Dataset extract -
§

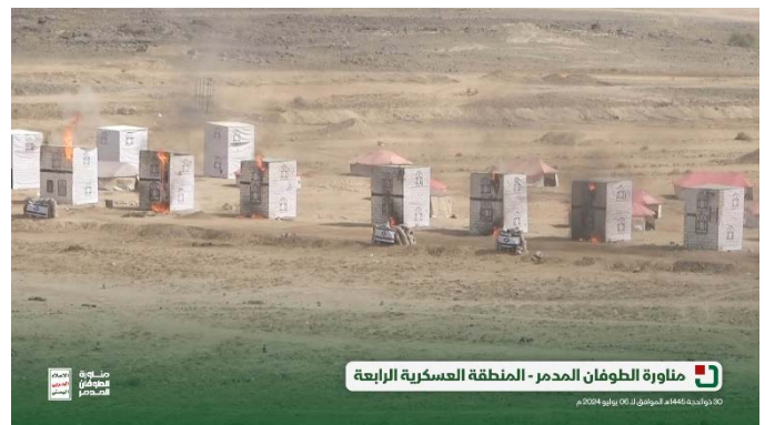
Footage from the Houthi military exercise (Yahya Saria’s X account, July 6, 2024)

§

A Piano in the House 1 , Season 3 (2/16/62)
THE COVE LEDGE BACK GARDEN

§

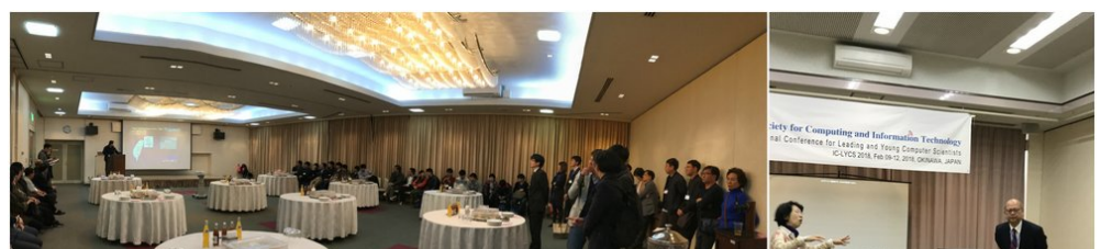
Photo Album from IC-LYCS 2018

§

The problem -
Scan the material for lines that hold the word "from", then say how many there are and nothing else.

Completed task -
2